-----------------------------------------------------------------------------
Real-World Video Dubbing Test Set

Version 1.0
August 30, 2022
-----------------------------------------------------------------------------


1. OVERVIEW

Considering the scarcity of real-world video dubbing dataset (i.e., motion pictures with golden cross-lingual
source and target speech), we construct a test set collected from dubbed films to provide comprehensive evaluations 
of video dubbing systems.

We select nine popular films translated from English to Chinese, which are of high manual translation
and dubbing quality, and contain rich genres such as love, action, scientific fiction, etc.


2. PROCESS

With the aim of preventing copyright infringement, we provide the processing pipeline of test set, instead of the original data set. 
The following is the processing pipeline for the test set.

2.1 Download Films
    In this work, we select nine popular films translated from English to Chinese, which are of high manual translation
    and dubbing quality, and contain rich genres such as love, action, scientific fiction, etc.

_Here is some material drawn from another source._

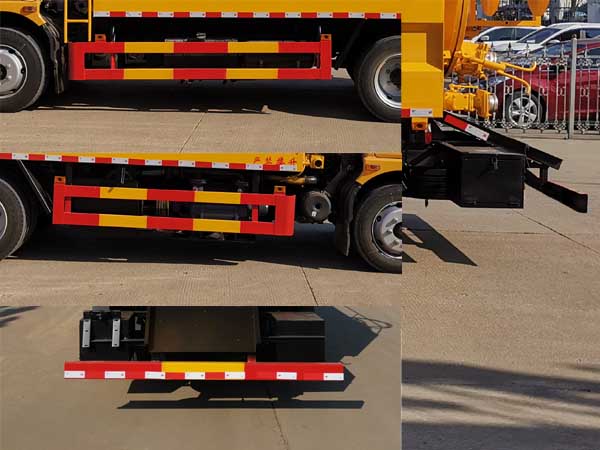 随底盘选装驾驶室。罐体外形尺寸(直段长字本?(mm):4000?600(前部1000mm为清水罐,后部3000mm为污水罐)。污水罐载质量为4750kg,有效容积:6.2立方米;清水罐载质量为2500kg,有效容积:2.5立方米.清水罐和吸污罐为独立罐体,清洗功能时用水罐,吸污功能时用吸污罐, 污水罐和清水罐不可同时满载。侧防护采用冷弯型钢/Q235,螺栓连接。后防护采用冷弯型钢/Q235,焊接连接。后防护截面高度尺寸120mm,截面宽度尺寸50mm,下边缘离地高度430mm。采用3800轴距底盘.ABS型号/厂家:ABS型号:ABS/ASR-24V-4S/4M,厂家:襄阳东风隆诚机械有限责任公司。专用装置为罐体,高压泵等,主要用于清洗吸污。随底盘选装驾驶室。 |

    Here is the list of films:
    ===============
    |
    .- Iron Man 1
    |
    .- Iron Man 2
    |
    .- Captain America 3
    |
    .- The Notebook
    |
    .- Flipped
    |
    .- About Time
    |
    .- Fast & Furious 1
    |
    .- Fast & Furious 2
    |
    .- A Walk in the Clouds

2.2 Cut conversation clips from films
    Following these criteria: 
        1) The clip duration is around 1 ∼ 3 minutes. 
        2) More than 10 sentences are involved in each clip, which contains both long and short sentences.
        3) The face of speaker is visible mostly during his or her talks, especially visible lips at the end of speech.
    Here are clips we cut from fils:
    ===============
    |
    .- Iron Man 1
        |
        .- 65:55 ~ 66:30
        |
        .- 69:55 ~ 70:38
    .- Iron Man 2
        |
        .- 12:12 ~ 13:04
        |
        .- 39:15 ~ 41:20
        |
        .- 43:32 ~ 34:19
        |
        .- 64:20 ~ 65:57
        |
        .- 110:42 ~ 111:28
    .- Captain America 3
        |
        .- 16:42 ~ 18:12
        |
        .- 19:02 ~ 20:16
        |
        .- 20:14 ~ 21:18
        |
        .- 22:08 ~ 23:35
        |
        .- 27:07 ~ 30:38
        |
        .- 29:59 ~ 30:40
        |
        .- 50: 43 ~ 52:37
        |
        .- 74:26 ~ 75:07
        |
        .- 77:15 ~ 78:23
        |
        .- 122:19 ~ 124:14
    .- The Notebook
        |
        .- 04:08 ~ 05:08
        |
        .- 08:52 ~ 10:31
    .- Flipped
        |
        .- 10:35 ~ 11:04
        |
        .- 12:05 ~ 13:14
        |
        .- 28:41 ~ 29:59
        |
        .- 34:30 ~ 36: 08
        |
        .- 36:58 ~ 38:00
        |
        .- 59:25 ~ 61:11
    .- About Time
        |
        .- 04:37 ~ 06:26
        |
        .- 09:06 ~ 10:06
        |
        .- 13:52 ~ 14:47
        |
        .- 15:17 ~ 16:15
        |
        .- 36:31 ~ 38:00
        |
        .- 62:06 ~ 63:15
    .- Fast & Furious 1
        |
        .- 35:08 ~ 36:02
        |
        .- 36:14 ~ 36:30
        |
        .- 37:15 ~ 37:49
        |
        .- 55:03 ~ 56:02
    .- Fast & Furious 2
        |
        .- 15:45 ~ 17:17
        |
        .- 36:07 ~ 37:22
        |
        .- 66:33 ~ 67:30
        |
        .- 69:40 ~ 70:30
    .- A Walk in the Clouds
        |
        .- 17:10 ~ 18:52
        |
        .- 30:55 ~ 32:17
        |
        .- 61:14 ~ 62:26

2.3 Automatic Speech Recognition (ASR)
    Perform speech recognition and manual correction to obtain text transcripts in source and target languages.
    We recommend using Microsoft Azure's ASR service (https://azure.microsoft.com/en-us/services/cognitive-services/speech-to-text/?cdn=disable#features), 
    which is highly accurate and efficient.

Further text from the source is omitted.